Not every Broadway musical has or needs an overture and yet, as a lover of these pieces, I am always somewhat disheartened when I run my eyes down the track list on an original-cast CD and find no overture listed. A show overture raises the audience's adrenaline and expectations; it is hoped the latter won't be disappointed once the curtain rises. Musicals from the '60's onward were nearly as likely not to have a formal overture as to have one; those of us for whom the overture is truly the foyer to the mansion of the score should thank Strouse and his orchestrators for crafting such exquisite ones.

*Additional links:*
Overture to _Bye Bye Birdie_: 




Overture to _Annie_: 




Overture to _Rags_:


----------



## pianozach

I've musical directed dozens of musicals, and have been in the pit for a hundred more.

*Bye Bye Birdie* is one of my _least_ favorite musicals for several reasons, and, as a consequence, not one of my favorite Overtures.

*Phantom of the Opera* has never impressed me.

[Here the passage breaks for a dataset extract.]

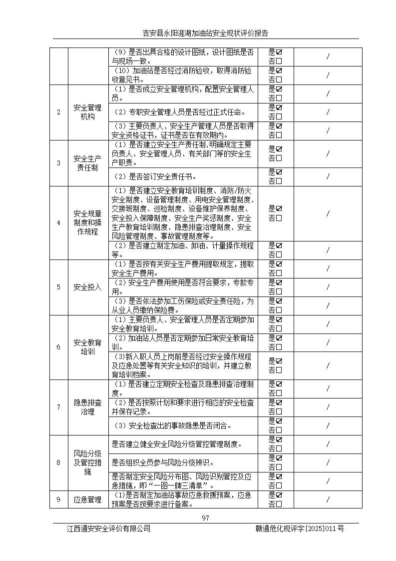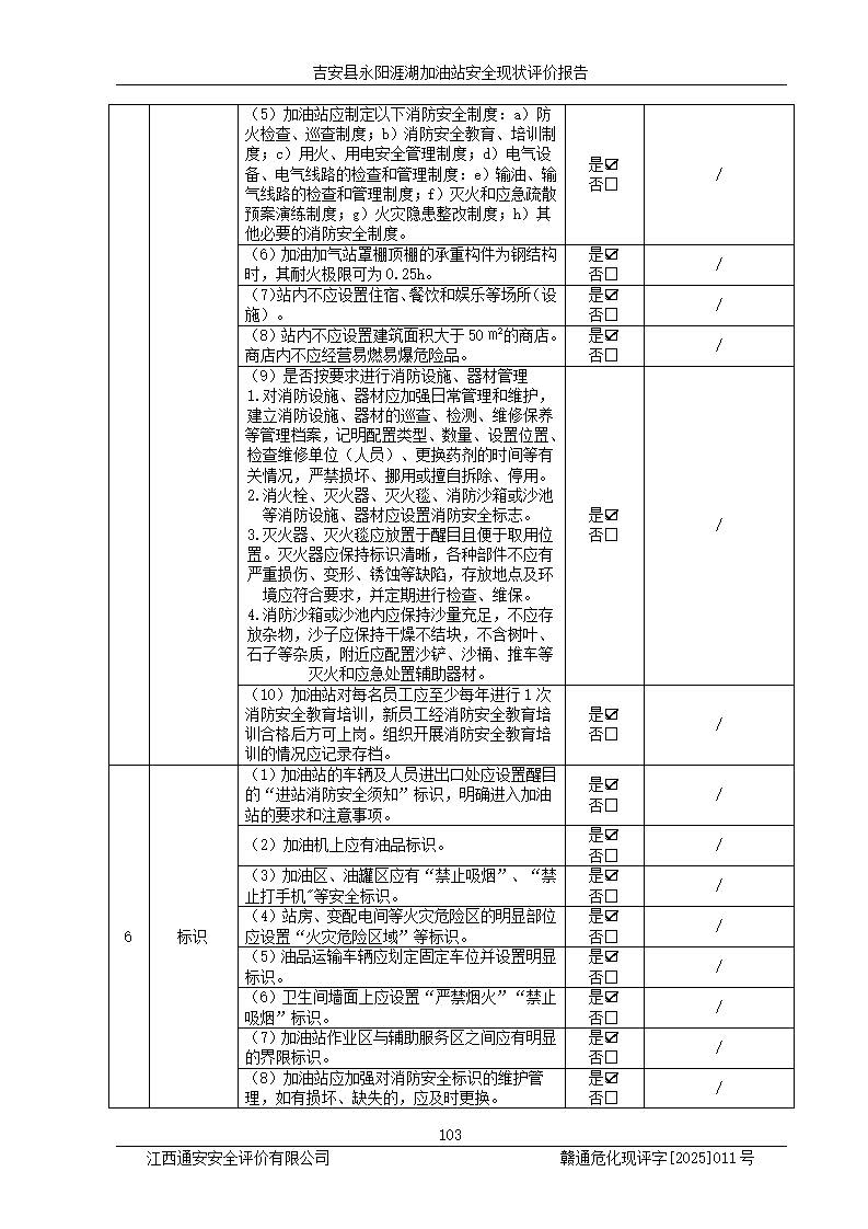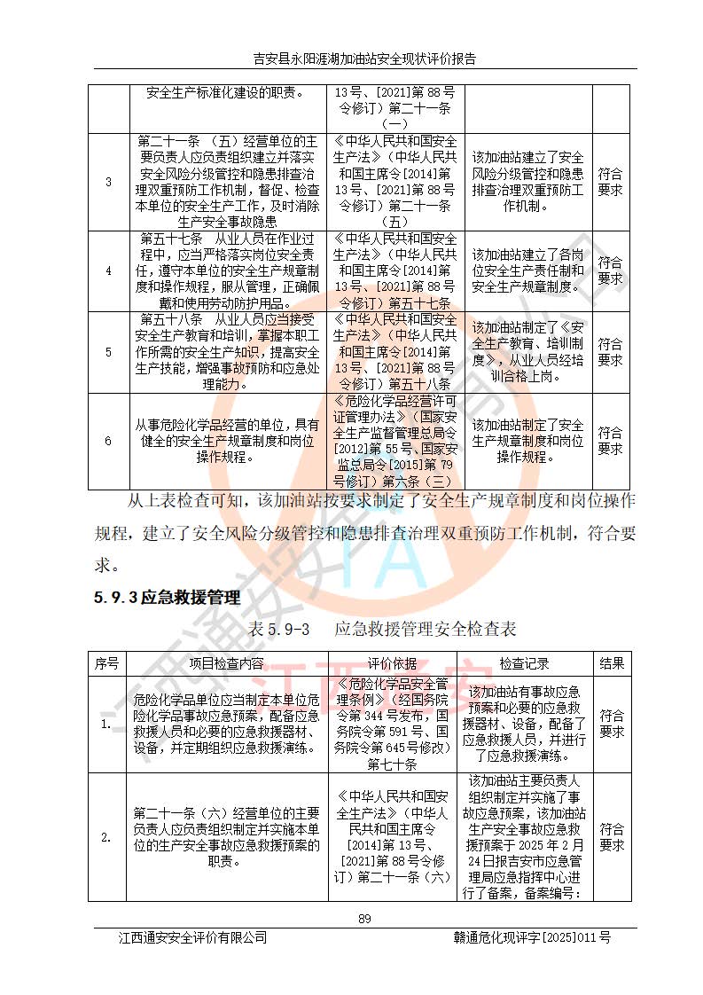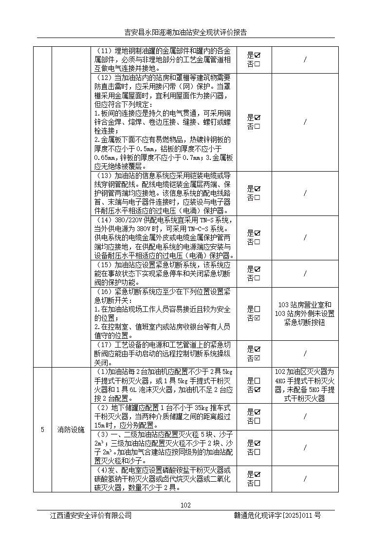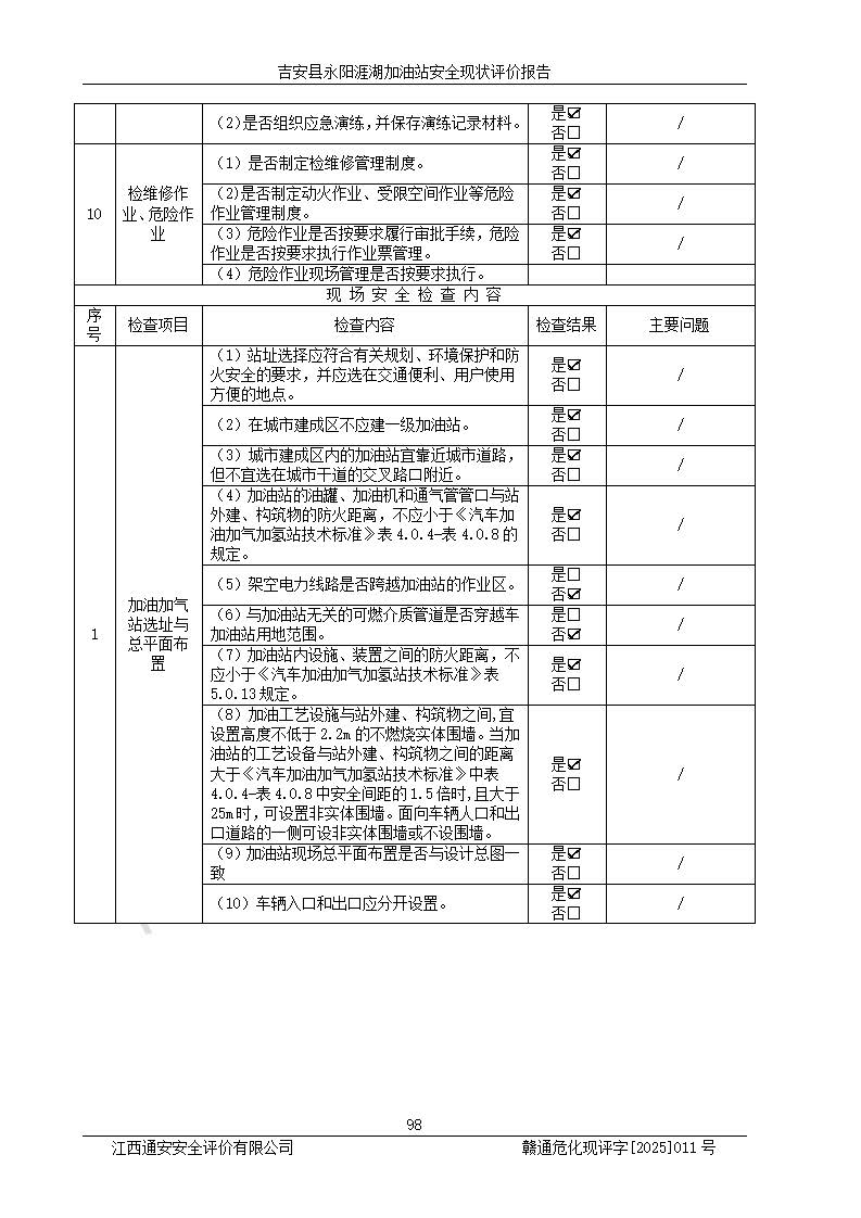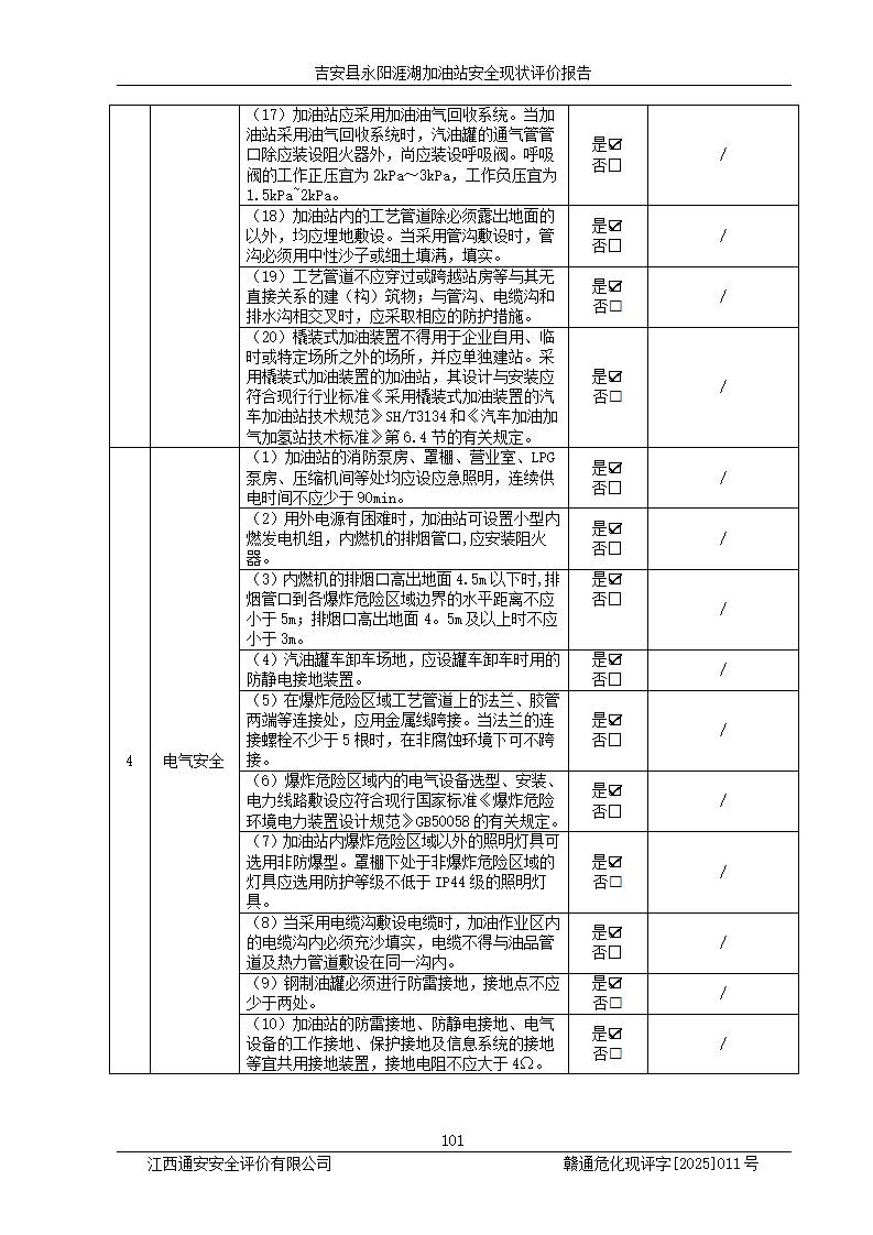 其它 | 在對該項目危險、有害因素辨識分析的基礎(chǔ)上,運用安全檢查表、預(yù)作業(yè)條件危險性分析法、危險度評價、重大事故后果分析結(jié)果等評價方法對該項目進行了分析評價,評價結(jié)果如下: 1、該項目位于江西省吉安市吉安縣永陽鎮(zhèn)涯湖村,符合當?shù)匾?guī)劃,與周邊環(huán)境的距離符合有關(guān)標準、規(guī)范的要求。 2、總圖布置分區(qū)明確,布局合理,各建構(gòu)筑物的防火間距滿足規(guī)范要求。 3、該項目無**明令淘汰的工藝,設(shè)備、設(shè)施與工藝條件、內(nèi)部介質(zhì)相適應(yīng),特種設(shè)備及設(shè)施較齊全,按規(guī)定設(shè)置防雷、防靜電接地,爆炸危險環(huán)境加油機按要求采用防爆型,符合相關(guān)標準規(guī)范要求。 5、企業(yè)設(shè)置了安全生產(chǎn)管理機構(gòu),配備了專職安全生產(chǎn)管理人員,建立了安全生產(chǎn)責任制和安全生產(chǎn)管理制度,編制了崗位操作規(guī)程,編制了生產(chǎn)安全事故應(yīng)急預(yù)案,人員經(jīng)過相應(yīng)的培訓(xùn),企業(yè)的安全生產(chǎn)管理正常。 6、作業(yè)條件危險性評價結(jié)果:在選定的評價單元中,作業(yè)危險程度均為“一般危險,需要注意”,作業(yè)條件相對安全。 7、危險度評價結(jié)果:汽油儲罐的危險程度為中度危險。油罐采用雙層罐埋地設(shè)置,按要求設(shè)置了通氣管,并裝設(shè)了阻火器;設(shè)置了液位監(jiān)測報警系統(tǒng)和緊急切斷系統(tǒng),埋地加油管道設(shè)置雙層管道,可以滿足安全生產(chǎn)條件要求。 評價結(jié)論: 吉安縣永陽涯湖加油站符合《汽車加油加氣加氫站技術(shù)標準》GB50156-2021等標準規(guī)范的要求,安全風險可控,滿足危險化學(xué)品經(jīng)營的安全條件。 | ||||

I don't enjoy Lloyd Webber's compositional "style" that much, although I do love *Jesus Christ Superstar* and *Evita*.

The Overtures to *Funny Girl* (I don't know if I've ever heard it at all) and *Candide* (and I love me some Bernstein) don't really come to mind. But I'll cue them up.

But I can tell you, of the hundreds I've heard and played, which ones are the most favorably memorable

*Gypsy
Oklahoma
Jesus Christ Superstar
The Fantasticks 
West Side Story
Urinetown
The Man of La Mancha*

There's a few other openings that are memorable, but they are shows without Overtures or Prologues: *Assassins, Fiddler On the Roof, 42nd Street, Sweeney Todd, Into the Woods, Cabaret, Evita, City of Angels*.

There's also some film Overtures that have stuck with me: *Wizard of Oz, Around the World in 80 Days, Les Misérables*.


----------